Set rs1 = CurrentDb.OpenRecordset(SQL, dbOpenSnapshot)
Set xlapp = Excel.Application
xlapp.Visible = True
Set xlbook = xlapp.Workbooks.Add
i = 1
Do
Set xlSheet = Sheets.Add(after:=Sheets(Sheets.Count))
i = i + 1
Loop Until i = 2 ' the number 2 represents how many sheets you want to add to the
workbook
Set xlSheet = xlbook.Worksheets(1) ' Finds worksheet (1) and begins loading data from SQL
table above
With xlSheet
.Name = "Pre" ' Name the worksheet
.Range("a1:am1").Font.Bold = True 'Converts headers in row 1 to
bold font
.Range("A2").CopyFromRecordset rs1 'Copies all data from selected
table (SQL)into your worksheet
.Range("a1").AutoFilter ' Adds filter to your columns
.Cells.Columns.AutoFit ' Adjust worksheet column width to autofit
your data
.Range("a1:am1").Interior.ColorIndex = 37 ' Changes color of cell
' This loop reads all headers in your access table and places
them on worksheet
For cols = 0 To rs1.Fields.Count - 1
.Cells(1, cols + 1).Value = rs1.Fields(cols).Name
Next
End With
SQL = "SELECT * From Post"
Set rs1 = CurrentDb.OpenRecordset(SQL, dbOpenSnapshot)

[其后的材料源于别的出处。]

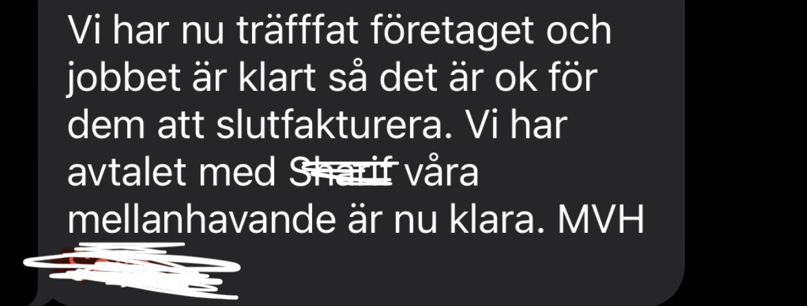 Betalningen betalades inte då och förföll. påminnelse skickades 1v efter förfallodatum och den bestriddes utan grund men med typ chatgpt/AI som skrivit. Vilket är mycket oprofetionellt Och sedan upphörde all kommunikation EFTER att jag gav alla intyg då shareef svor hederligt att betala då mina pengar står parkerade om jag då gav han intyg vilket jag gjorde och sa att nu litar jag på ditt ord. Efter det blev det knäpptyst- helt tyst
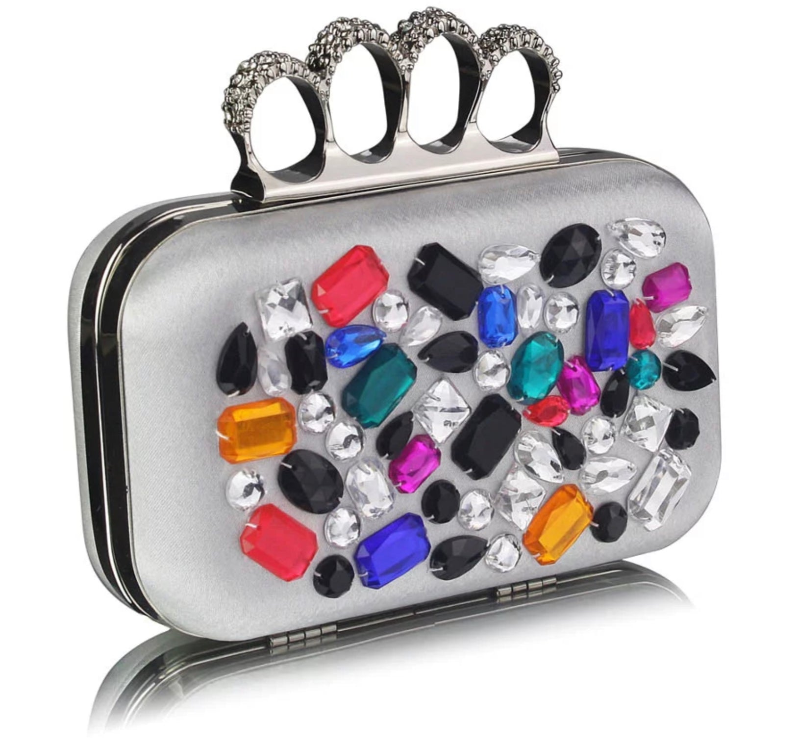This elegant clutch adds a glamorous touch to any evening outfit. With a soft-touch exterior and a rhinestone-encrusted knuckle handle, this clutch is sure to dazzle. It also comes with a long chain for wearing as a shoulder bag. The colours are just gorgeous! A stunning bag that will certainly turn heads!
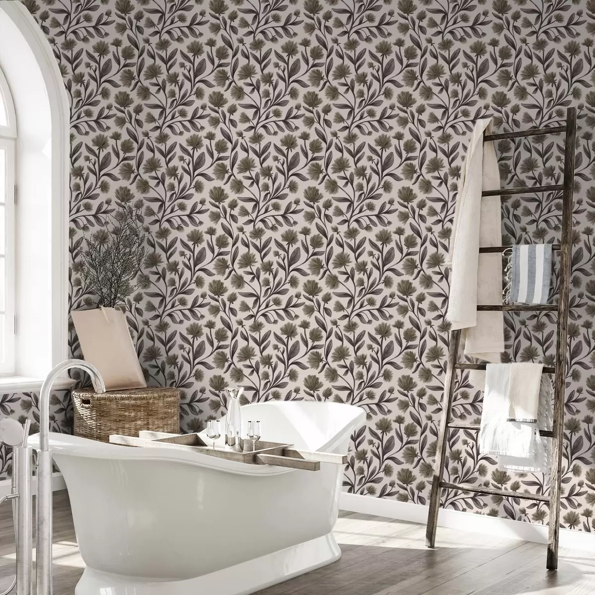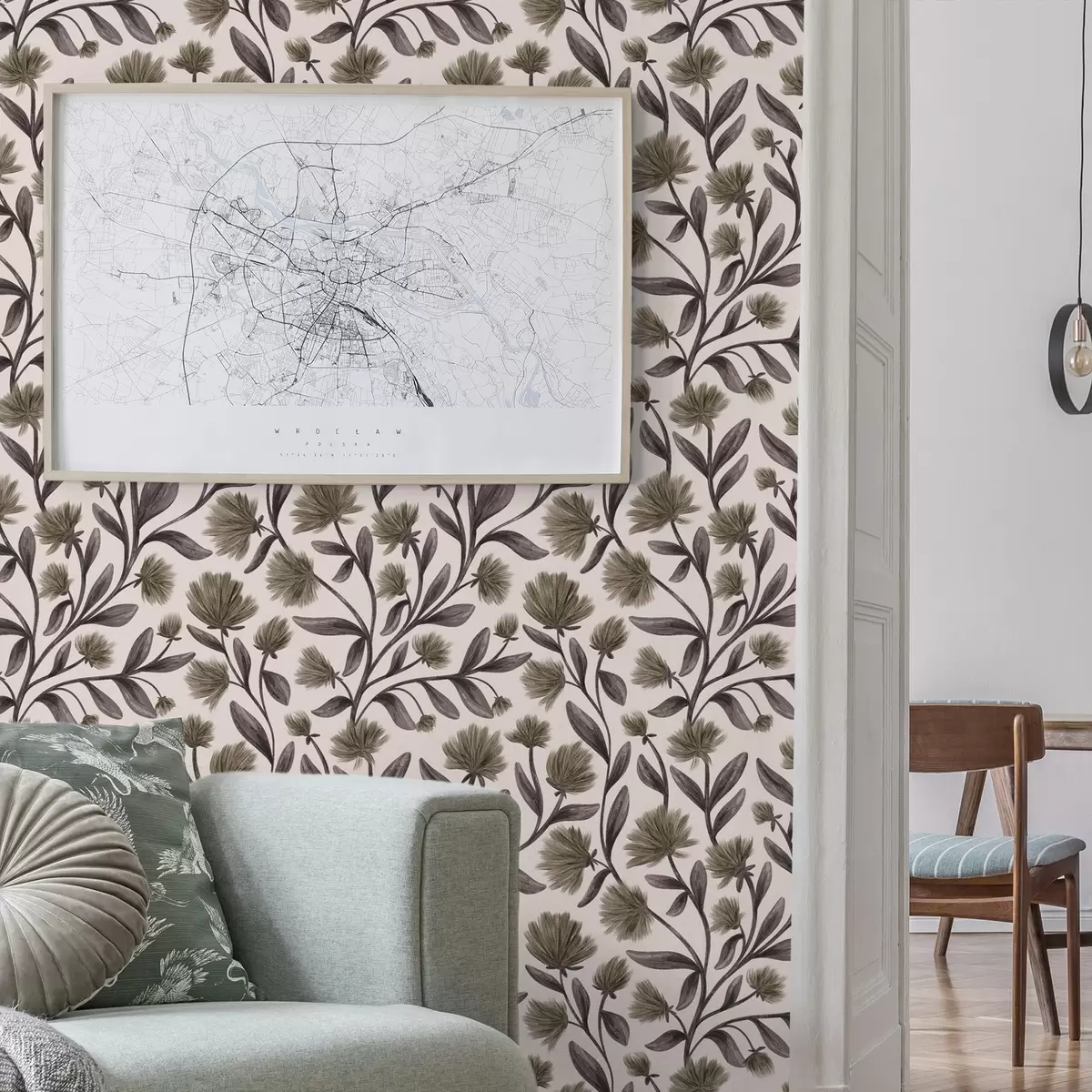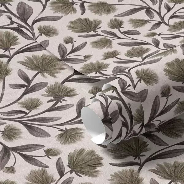 Wallpapers Wildflowers in gray-olive tones on a cream background No. a00623v1

Set xlSheet = xlbook.Worksheets(2)
With xlSheet
.Name = "Post" ' Name the worksheet
.Range("a1:am1").Font.Bold = True 'Converts headers in row 1 to
bold font
.Range("A2").CopyFromRecordset rs1 'Copies all data from selected
table (SQL)into your worksheet
.Range("a1").AutoFilter ' Adds filter to your columns
.Cells.Columns.AutoFit ' Adjust worksheet column width to autofit
your data
.Range("a1:am1").Interior.ColorIndex = 37 ' Changes color of cell
' This loop reads all headers in your access table and places
them on worksheet
' This loop reads all headers in your access table and places them on worksheet
For cols = 0 To rs1.Fields.Count - 1
.Cells(1, cols + 1).Value = rs1.Fields(cols).Name
Next
End With
Set xlSheetPre = xlbook.Worksheets(1)
Set xlSheetPost = xlbook.Worksheets(2)
Set LastRow1 = xlSheetPre.Cells.Find("*", SearchOrder:=xlByRows, SearchDirection:=xlPrevious)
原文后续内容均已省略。